Photo: Ponte Vecchio detail. Courtesy of Flickr/CGoulao

Donjek Project: Glossary of Transit-Oriented Development Finance

Cover Access is valuable. In metro regions effective passenger transportation is a critical ingredient of continued competitiveness and quality of life. Due to a range of economic and political factors, rail transportation is expanding as a mode for moving freight and people alike.

Shared experience of regions in the U.S. and internationally suggests that rail transit infrastructure endows nearby property with a substantial value premium. Economist Joe Cortright analyzed 94,000 home sales in 15 metropolitan U.S. markets, and found that homes located within walking distance to varied amenities are valued more highly in the marketplace than comparable property situated elsewhere. Examining two neighborhoods in Charlotte, North Carolina, Cortright identified that a typical home in the Wilmore demands a premium of $34,000 or 12% of median value, compared to much less pedestrian-accessible Ashley Park. The experience of other metro areas including Jacksonville, Chicago, Sacramento and Austin reflect premium levels of $10,000 or more for homes of median value in neighborhoods with high levels of non-auto access.

Early evidence of light rail transit (LRT) lines in this region is consistent with Cortright’s findings. The University of Minnesota’s Center for Transportation Studies released preliminary results of a second-phase study of property appreciation near the Hiawatha LRT Line in Minneapolis.  The process, using residential sale data, has found positive impacts of roughly 25% on single- and multi-family housing located near station areas. Candidly, the Hiawatha Line has been a success in terms of ridership but isn’t particularly effective in stitching neighborhoods together with downtown. If effects are favorable here, they will be so for coming lines that connect Saint Paul and Minneapolis, and Minneapolis’ downtown to its south side and suburbs beyond.

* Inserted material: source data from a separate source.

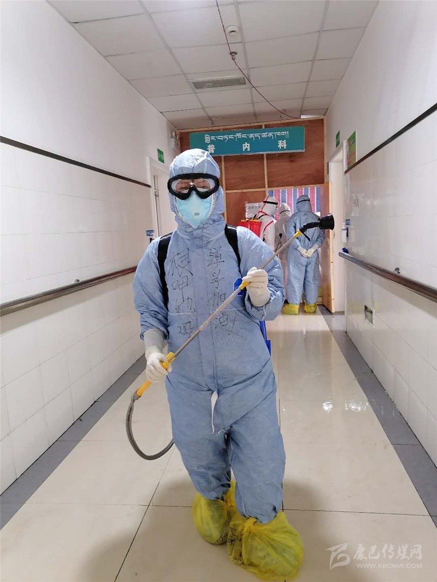 除了日常護理,根呷她姆的還要負責每日病房的消毒工作、垃圾清理以及清潔衛(wèi)生工作?!跋竟ぷ鞲裢庵匾?,必須做到不漏一個死角?!备人窂娙讨?4消毒液刺激引起的嗆咳及生活垃圾引起的惡心發(fā)嘔,一絲不茍,任勞任怨,做好每一天的消殺清潔工作,讓病毒無處遁形。在同事面前她是護士長、家長,在病人面前,她是護士、護工、清潔工、家屬、心理老師……根呷她姆每天在各種角色間轉(zhuǎn)換自如,不怕臟、不怕累、不怕苦,拼盡全力只為打贏這場沒用硝煙的戰(zhàn)爭!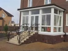 Някои смятат, че пластмасовите или металните конструкции не са подходящи за частна дървена къща, а тухлена вила, напротив, трябва да има само ковани парапети и бетонни стъпала. Тази гледна точка не винаги е оправдана.. Разбира се, стъпалата и фасадата, изработени от същия материал, изглеждат впечатляващи и завършени..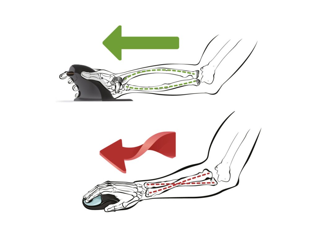 Je známé, že design standardní myši je jedním z hlavních rizikových faktorů bolesti rukou a zápěstí. Bylo zjištěno, že myši, které podporují, aby zápěstí zůstalo v neutrální poloze (například Penguin®), snižují bolesti rukou a zápěstí, a snižují svalovou aktivitu v předloktí.
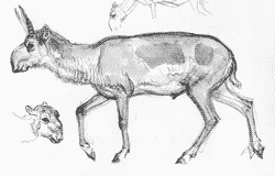 Жить эти быстроногие копытные предпочитают в сухих степях и полупустынях, находя именно здесь все необходимые для себя условия. Твердый субстрат и равнинность степей и полупустынь, низкорослая растительность — все это дает столь нужный им простор. На равнинах издали заметны враги — в первую очередь человек — со всеми достижениями цивилизации (машина, мотоцикл, ружье), а также хищники, в частности волк, роль которого, на мой взгляд, сильно преувеличена. Только суровые зимние бураны или изнурительная летняя засуха заставляют сайгаков покидать полупустынные равнины и укрываться в бугристых песках с кустарником, заходить в поймы рек на водопои. Необычен их образ жизни, характерная черта которого — кочевье. Кроме короткого периода, связанного с рождением молодняка, у них нет строгой привязанности к определенному участку территории. Ни один вид наших копытных, даже северный олень, не образует таких колоссальных стад, порой насчитывающих нескольких сот тысяч голов. И это несметное количество животных ухитряется прокормиться скудным пайком сухих степей и полупустынь, перемещаясь по бескрайним просторам Калмыкии, Казахстана и Средней Азии. По 300—500 километров проходят ежедневно сайгачьи стада, летом нередко при сорокаградусной жаре, зимой — в 30—40-градусные морозы. Сайгак чувствует себя хорошо и уверен в своей безопасности только когда он в стаде. Тысячи настороженных глаз, чутких носов и ушей скорее замечают опасность. Как и всякое степное животное, он пуглив и осторожен. Когда стадо отдыхает, то несколько наиболее сильных и выносливых зверей стоят на страже, охраняя покой остальных. Сталкиваясь с неожиданной опасностью, вместо того, чтобы броситься наутек, сайгак делает скачок-свечку — вперед и вверх. Конечно, он теряет драгоценный миг для бегства, но зато окружающие вовремя замечают врага. Потревоженные животные в свою очередь оповещают других сигнальными прыжками. Волна беспокойства прокатывается по огромному стаду, и вот оно с ревом и топотом сбивается воедино, чтобы через мгновение пуститься вскачь. В начале декабря наступает брачный сезон. Самцы становятся крайне неуживчивыми, и многочисленные стада животных распадаются на мелкие табунки. Каждый взрослый самец старается завладеть большим количеством самок, пытаясь создать свой “гарем”, иной раз содержащий до тридцати избранниц. Почти весь месяц предводитель табунка не знает ни минуты покоя. Он бдительно пасет своих подопечных, не давая им разбредаться или сходиться с другими табунками. Возбужденные самцы вступают в ожесточенные драки, ударяя друг друга рогами. Рождение молодняка происходит к концу апреля—началу мая. В этот период самки собираются в определенных местах — “родильных домах”, где образуют очень плотные скопления. Первые три дня сайгачата таятся там, где они появились на свет. Лежат неподвижно, крепко прижимаясь к земле. Они не шевельнутся, даже если к ним подойдешь вплотную. А если возьмешь на руки, замирают на некоторое время, а потом начинают биться в руках и призывать на помощь мать. Пройдет неделя-другая, сайгачата окрепнут, и стадо вновь двинется на поиски корма. Рацион сайгаков достаточно разнообразен. Основу питания составляют злаки, пустынные кустарнички и полукустарнички, разнотравье; эфемеры. Ежедневно сайгак съедает от 3 до 6 кг корма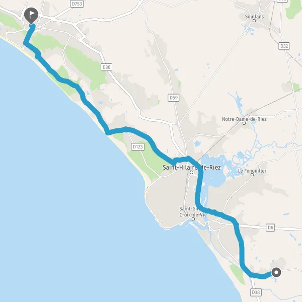 Au rond-point, prendre la 3ème sortie la piste cyclable Rond-Point de L'Océan et continuer sur 100 mètres
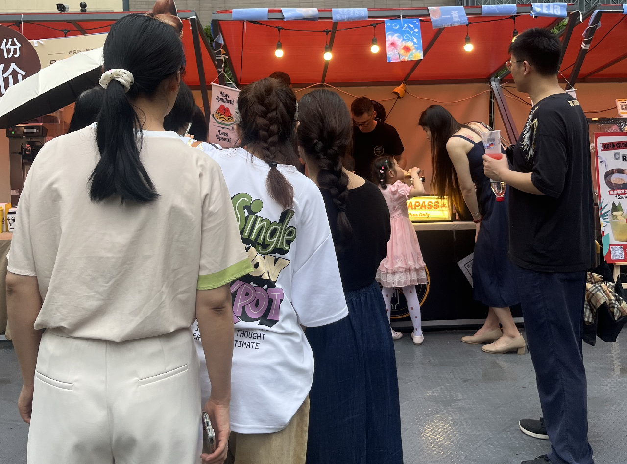经过4次摆摊,主厨Dan已经熟能生巧,出餐速度大大提高,因为口味好、颜值高等等因素,Joyce的摊位前甚至一度排了长队。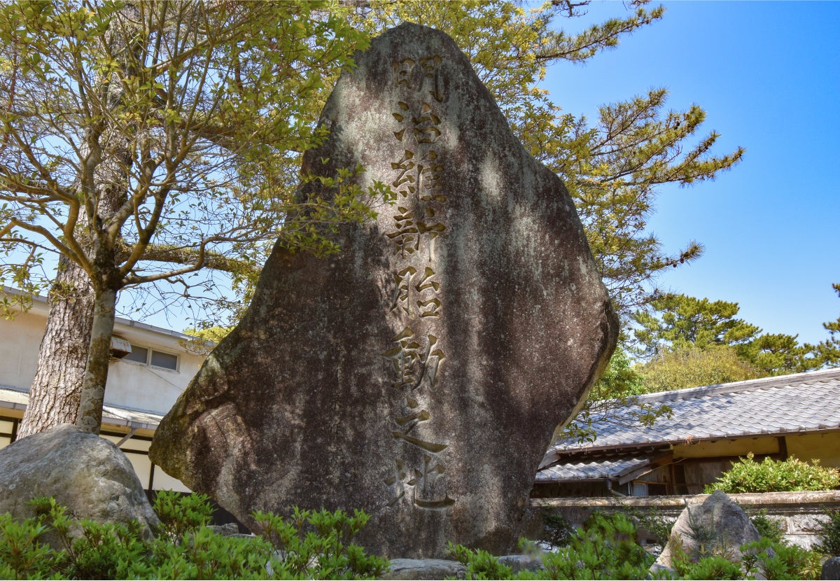 昭和43年(1968)、明治維新100年を記念して建立された石碑「明治維新胎動之地」。この字は、当時の内閣総理大臣 佐藤栄作元首相 によって書かれたものです。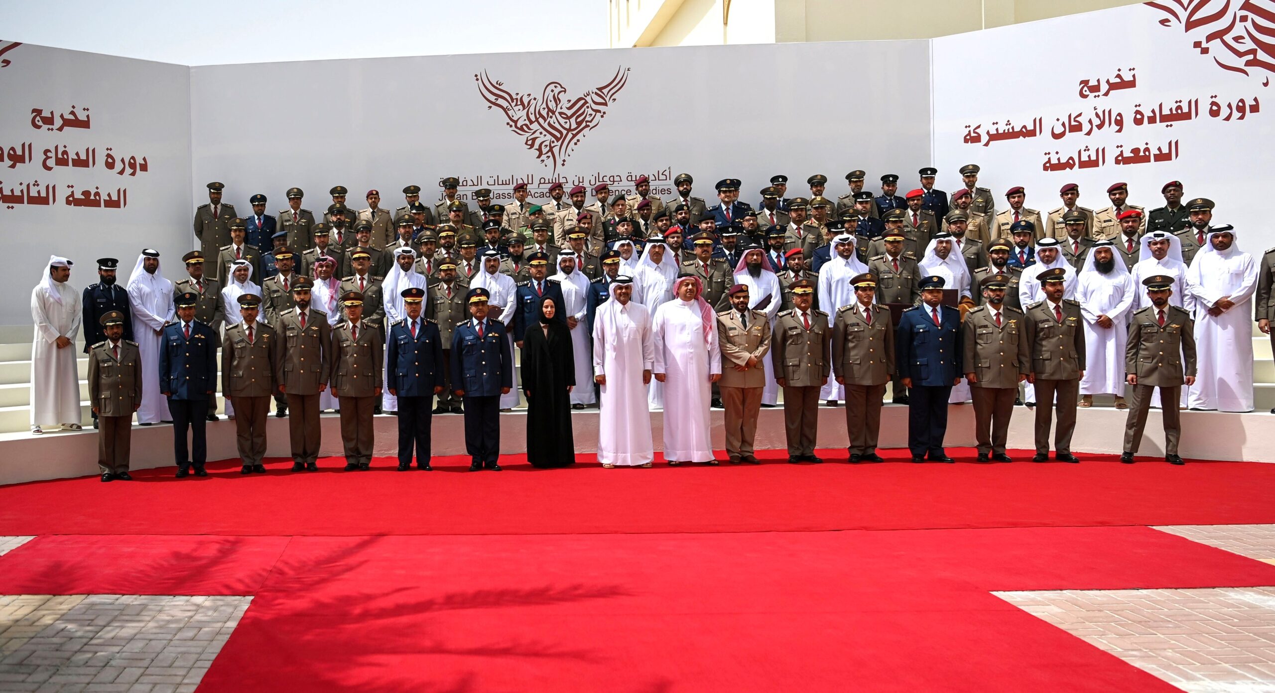 شهد معالي الشيخ خالد بن خليفة بن عبدالعزيز آل ثاني رئيس مجلس الوزراء ووزير الداخلية، صباح اليوم، حفل تخريج دورتي الدفاع الوطني رقم (2) والأركان المشتركة رقم (8) بمقر أكاديمية جوعان بن جاسم للدراسات الدفاعية بمدينة الخور.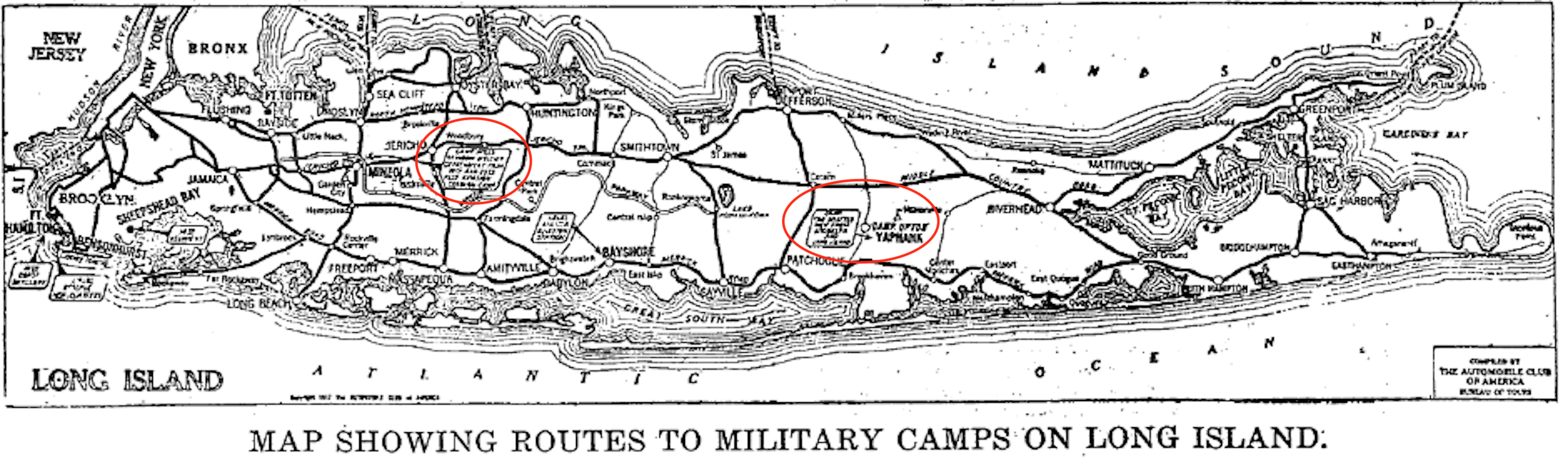 1917 map compiled by the The Automobile Club of America indicating routes to military camps on LI. From what I can make out I see Camp Mills and Camp Upton.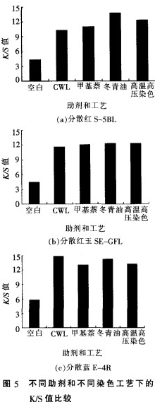 由图5a可知.对于高温分散红S-5BL来说.除了冬青油在常压沸染工艺中的染色深度高于高温高压染色的色深度外,助剂CWL、甲基萘均达不到传统高温染色的色深度:由图5b可知,对于中温分散红玉SE—GFL来说.助剂CWL、甲基萘、冬青油用于常压沸染的染色深度均与高温高压染色的色深度相当:由图5e可知.对于低温分散蓝E一4R来说.助剂CWL具有明显的增深效果.均比甲基萘、冬青油以及高温高压染色的色深度要深因此.助剂CWL比较适用于中温型和低温型分散染料的常压沸染工艺.染色深度完全可以达到高温高压染色的色深度。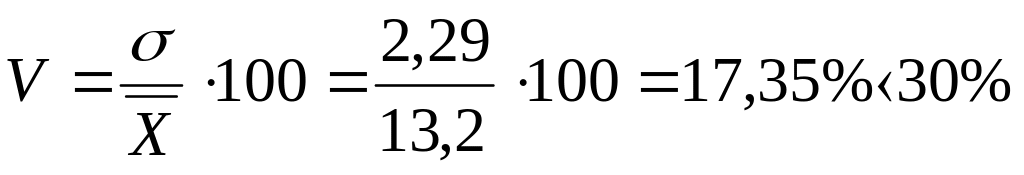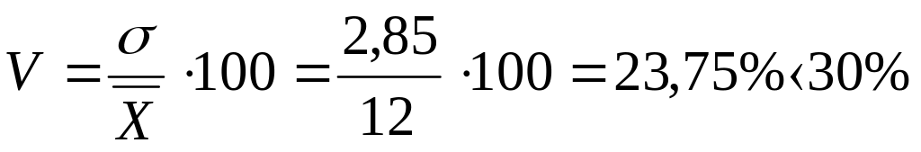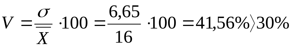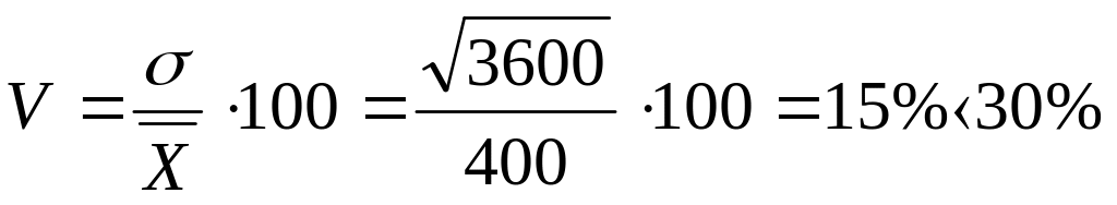6. Средняя величина признака равна 400, а коэффициент вариации равен 15%. Найти дисперсию признака.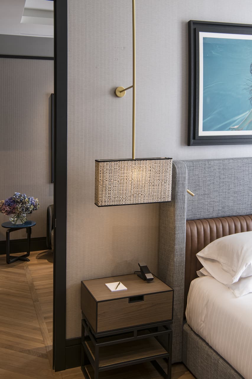 Le camere Superior e Prestige hanno una grandezza che varia dai 25 mq ai 35 mq., mentre le suite variano dai 35 mq. ai 65 mq. Tutte dotate di ogni comfort, hanno bagni rivestiti di marmi pregiati e ampie cabine armadio, pavimenti in parquet o moquette e soffitti enfatizzati dall’utilizzo sapiente di boiserie in legno. Le suite e gli appartamenti comprendono un salotto separato dalla camera e dispongono di una zona cottura, ideale per lunghi soggiorni.

It’s not just residential property values that are influenced by accessibility. Analyses undertaken for the Urban Land Institute and the National Association of Realtors found a 23% premium in California’s Santa Clara County land values within ¼ mile of light rail transit stops.  Another study of the San Diego LRT system found land value premiums as high as 72-91% for commercial land located near station areas on particular lines; the same study found that commercial land on other lines was discounted by the presence of the LRT stations. A 2007 study of the dense network of Dutch rail stations concluded that commercial property within ¼ mile of a rail station exhibited a land-value premium of over 12%.

Recently, Donjek was hired by a client in the Southeast U.S. to explore national models for financing development adjacent to LRT investments. We focused on multiple tools used to great effect nationally:

  • Transportation Development/Improvement Districts (TDDs, TIDs)
  • Special Assessment Districts (SADs)
  • Tax Increment Financing (TIF) / Project Development Financing Districts
  • Tax Abatement 
  • Joint Development 
  • Transportation Utility Fees (TUFs) 
  • Air Rights, Grants and Loans

Each region is distinct in its history, its disposition about public/private partnerships, its attitudes toward transit, and how high-impact regional decisions are formulated and implemented. These tools are applicable in degrees depending on these and other factors.

LRT and fixed-rail transit infrastructure doesn’t belong everywhere. And as the Federal Transit Administration has made clear in the last week, the federal government doesn’t intend to build systems that can’t be supported by ridership in the long term. 

One key element to making transit work – for the environmental and fiscal health of the country and its communities – is concentrating development and redevelopment potential where it will be most accessible. These public finance tools can be part of that equation.